Exercise description -
Beginning with the line of the entries below that holds "Bienen, Ameisen und" and ending with the line that holds "Letra tipo caixa", transcribe each line exactly as written. Pictures stay out.

━━━━━ Records shown ━━━━━

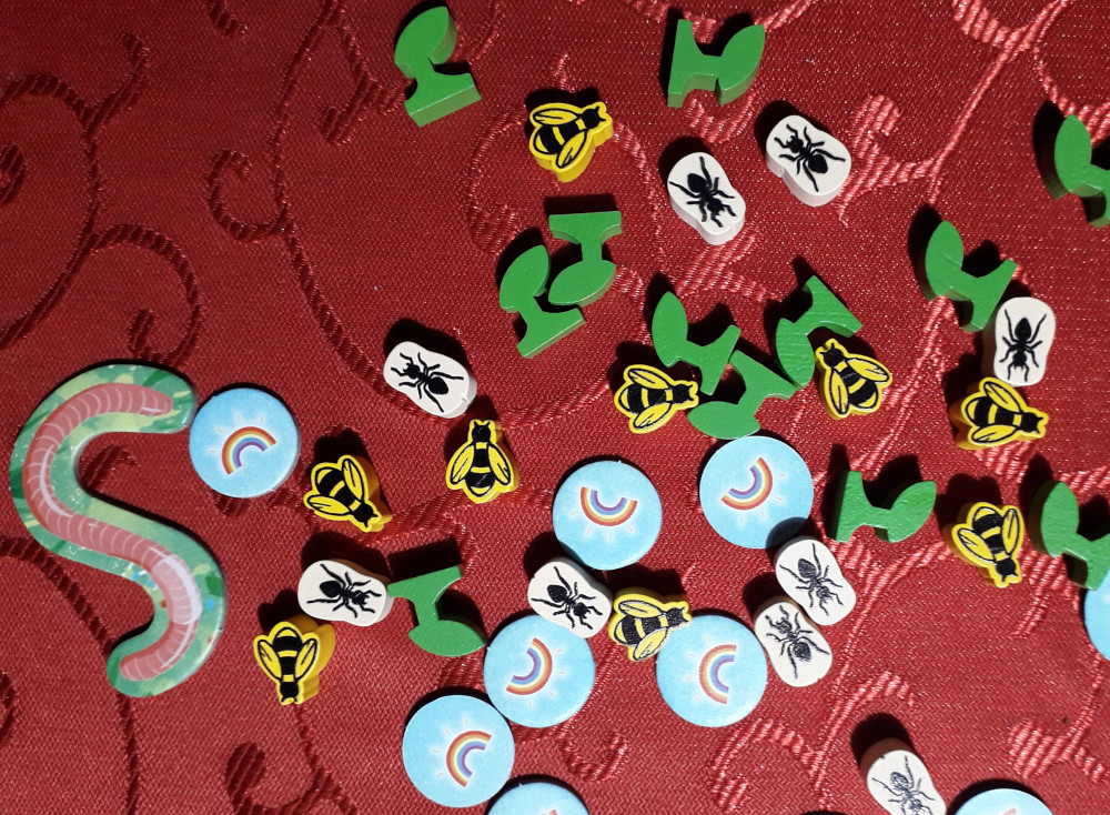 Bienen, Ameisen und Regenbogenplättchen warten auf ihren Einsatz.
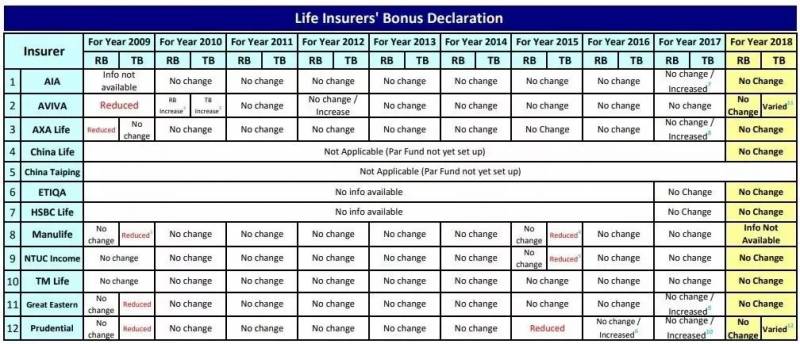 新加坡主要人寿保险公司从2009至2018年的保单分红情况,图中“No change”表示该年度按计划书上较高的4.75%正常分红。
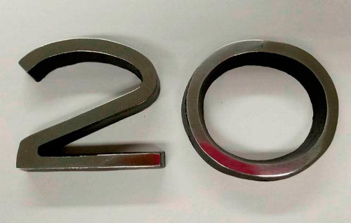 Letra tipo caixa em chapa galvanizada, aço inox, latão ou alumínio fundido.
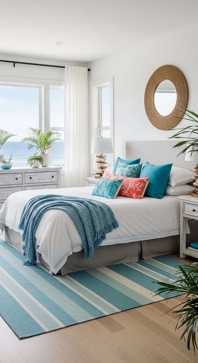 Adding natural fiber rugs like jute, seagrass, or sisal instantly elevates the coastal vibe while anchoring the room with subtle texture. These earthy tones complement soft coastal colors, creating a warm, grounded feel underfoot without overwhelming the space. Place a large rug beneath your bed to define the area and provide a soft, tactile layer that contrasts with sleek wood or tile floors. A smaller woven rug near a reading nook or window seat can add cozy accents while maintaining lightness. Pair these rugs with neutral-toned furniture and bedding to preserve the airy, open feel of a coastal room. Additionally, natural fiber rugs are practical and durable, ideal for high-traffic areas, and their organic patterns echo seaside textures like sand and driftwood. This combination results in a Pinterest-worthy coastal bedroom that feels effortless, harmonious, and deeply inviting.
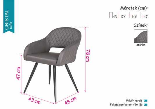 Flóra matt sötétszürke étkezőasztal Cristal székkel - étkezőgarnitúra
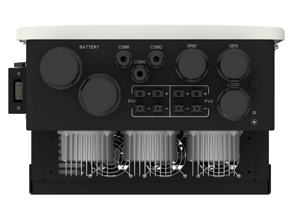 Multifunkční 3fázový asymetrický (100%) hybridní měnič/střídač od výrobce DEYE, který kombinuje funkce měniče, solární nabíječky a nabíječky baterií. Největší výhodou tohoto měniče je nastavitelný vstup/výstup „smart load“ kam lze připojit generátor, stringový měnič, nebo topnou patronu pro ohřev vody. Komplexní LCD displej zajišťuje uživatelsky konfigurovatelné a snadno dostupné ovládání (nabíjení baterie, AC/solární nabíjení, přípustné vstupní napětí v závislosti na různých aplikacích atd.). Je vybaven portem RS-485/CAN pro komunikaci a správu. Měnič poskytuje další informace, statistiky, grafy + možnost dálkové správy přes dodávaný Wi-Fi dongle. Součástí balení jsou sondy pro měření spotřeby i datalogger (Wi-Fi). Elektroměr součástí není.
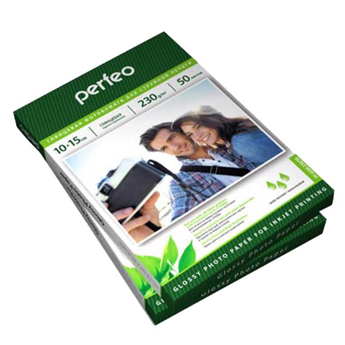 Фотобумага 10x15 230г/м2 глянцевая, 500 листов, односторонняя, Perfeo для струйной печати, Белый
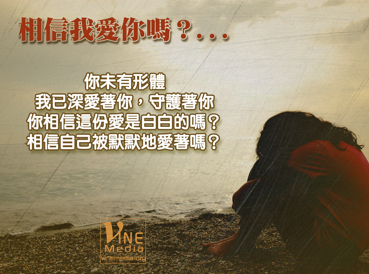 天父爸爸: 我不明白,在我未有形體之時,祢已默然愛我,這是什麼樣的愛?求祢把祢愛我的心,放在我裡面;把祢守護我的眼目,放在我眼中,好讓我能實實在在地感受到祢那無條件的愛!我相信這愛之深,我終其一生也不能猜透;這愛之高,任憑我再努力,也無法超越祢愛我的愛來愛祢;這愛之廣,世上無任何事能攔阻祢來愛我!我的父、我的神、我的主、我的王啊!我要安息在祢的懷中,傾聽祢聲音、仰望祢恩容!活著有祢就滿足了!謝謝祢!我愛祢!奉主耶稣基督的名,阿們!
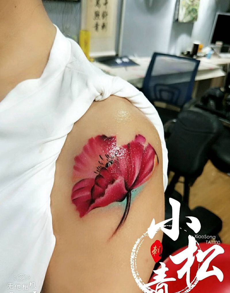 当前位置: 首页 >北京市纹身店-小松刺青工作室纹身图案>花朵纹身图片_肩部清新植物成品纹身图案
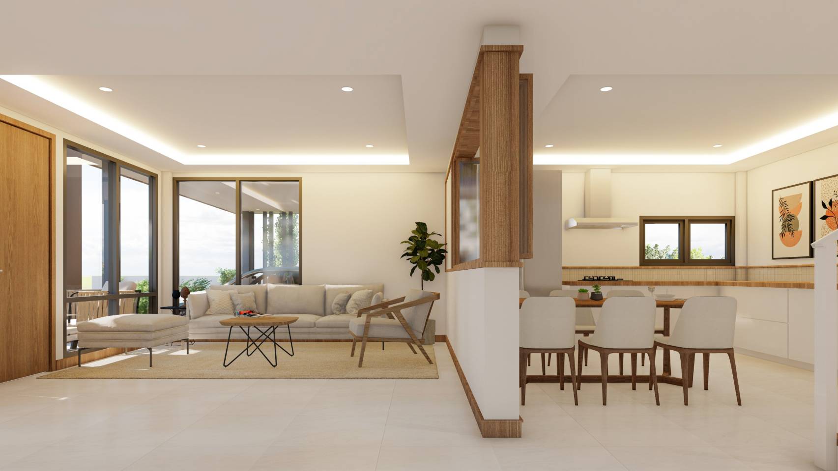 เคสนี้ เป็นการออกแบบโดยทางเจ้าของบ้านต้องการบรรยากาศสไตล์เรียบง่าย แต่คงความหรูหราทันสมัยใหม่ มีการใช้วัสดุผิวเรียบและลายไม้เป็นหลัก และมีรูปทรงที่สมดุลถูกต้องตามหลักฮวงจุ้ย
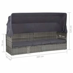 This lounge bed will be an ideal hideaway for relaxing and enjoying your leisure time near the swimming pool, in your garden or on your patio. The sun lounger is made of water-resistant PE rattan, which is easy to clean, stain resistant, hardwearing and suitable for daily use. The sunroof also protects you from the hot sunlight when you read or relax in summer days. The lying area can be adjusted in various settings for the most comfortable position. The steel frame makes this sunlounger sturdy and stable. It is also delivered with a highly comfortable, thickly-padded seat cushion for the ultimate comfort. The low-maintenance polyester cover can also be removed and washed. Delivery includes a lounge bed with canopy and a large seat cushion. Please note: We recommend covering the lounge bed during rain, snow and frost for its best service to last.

━━━━━
━━━━━ Records shown ━━━━━

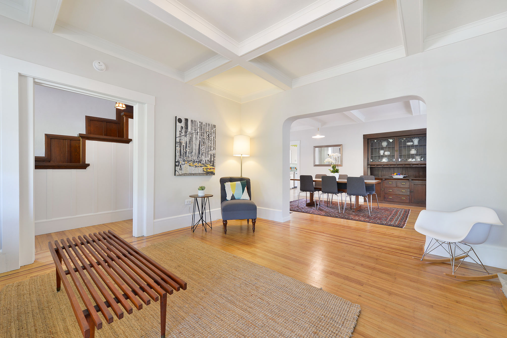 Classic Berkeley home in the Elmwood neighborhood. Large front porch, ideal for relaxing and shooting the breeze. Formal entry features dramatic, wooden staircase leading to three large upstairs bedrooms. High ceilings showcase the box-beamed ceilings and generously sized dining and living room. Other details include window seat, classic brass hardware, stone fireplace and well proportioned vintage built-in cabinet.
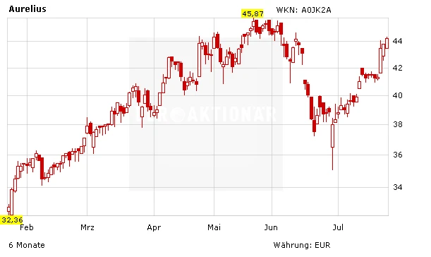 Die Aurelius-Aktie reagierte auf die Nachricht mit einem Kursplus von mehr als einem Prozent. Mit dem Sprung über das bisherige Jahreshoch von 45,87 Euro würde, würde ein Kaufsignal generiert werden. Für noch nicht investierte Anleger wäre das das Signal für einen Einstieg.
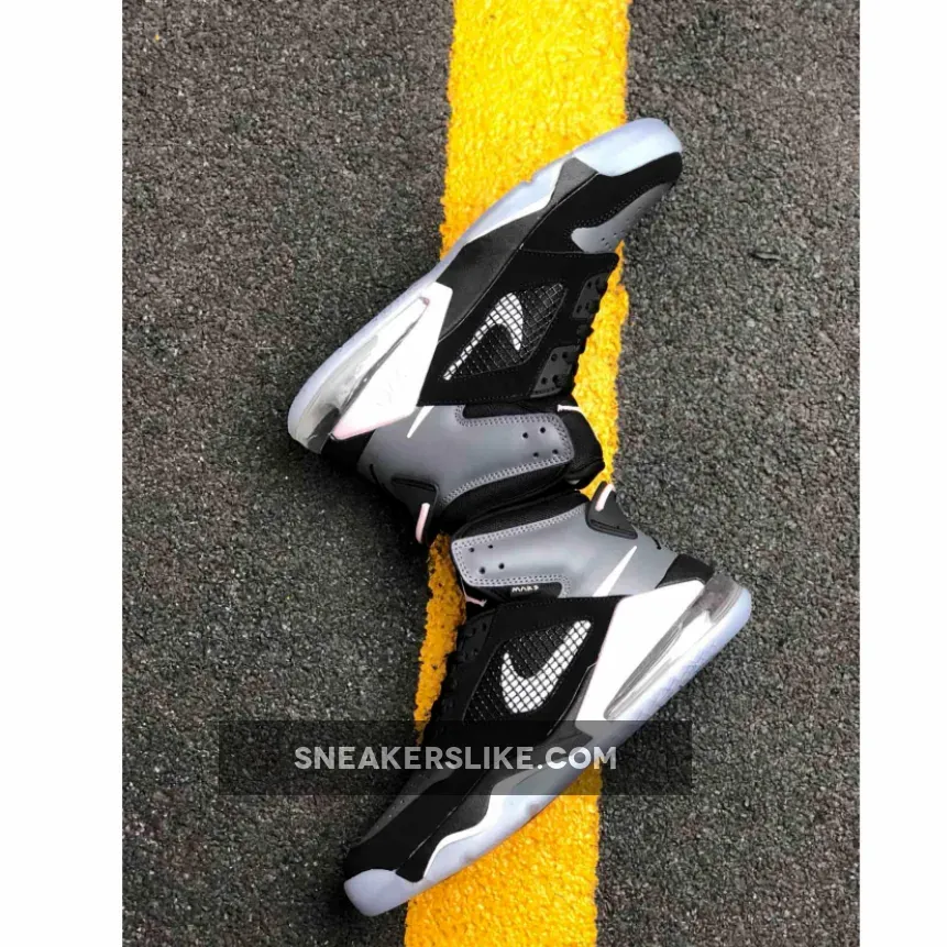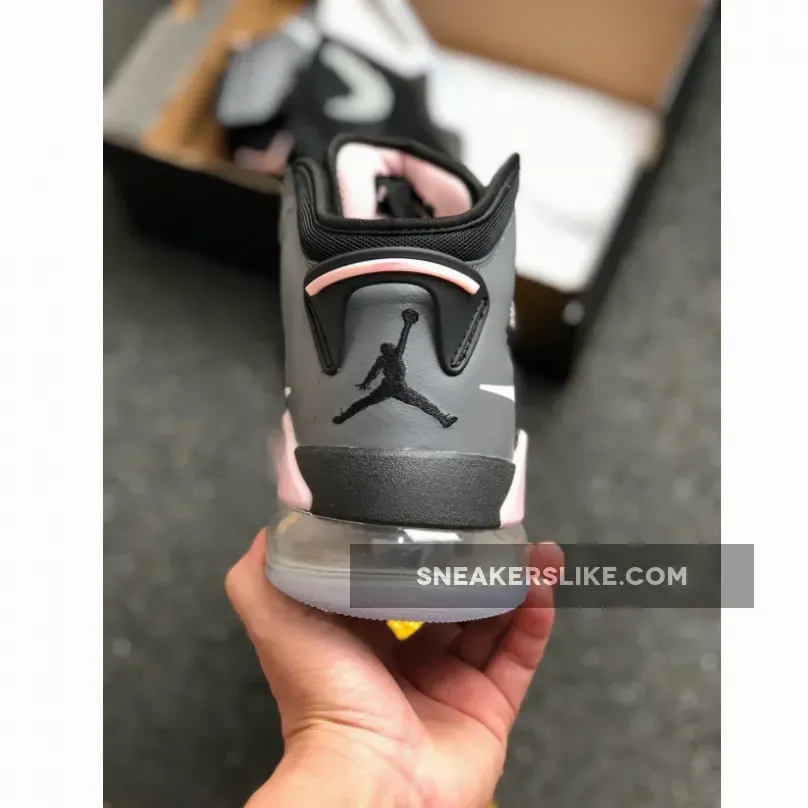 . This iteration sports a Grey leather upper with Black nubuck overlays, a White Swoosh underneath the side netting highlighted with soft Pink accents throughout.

━━━━━

Answer below -
 Bienen, Ameisen und Regenbogenplättchen warten auf ihren Einsatz.
 新加坡主要人寿保险公司从2009至2018年的保单分红情况,图中“No change”表示该年度按计划书上较高的4.75%正常分红。
 Letra tipo caixa em chapa galvanizada, aço inox, latão ou alumínio fundido.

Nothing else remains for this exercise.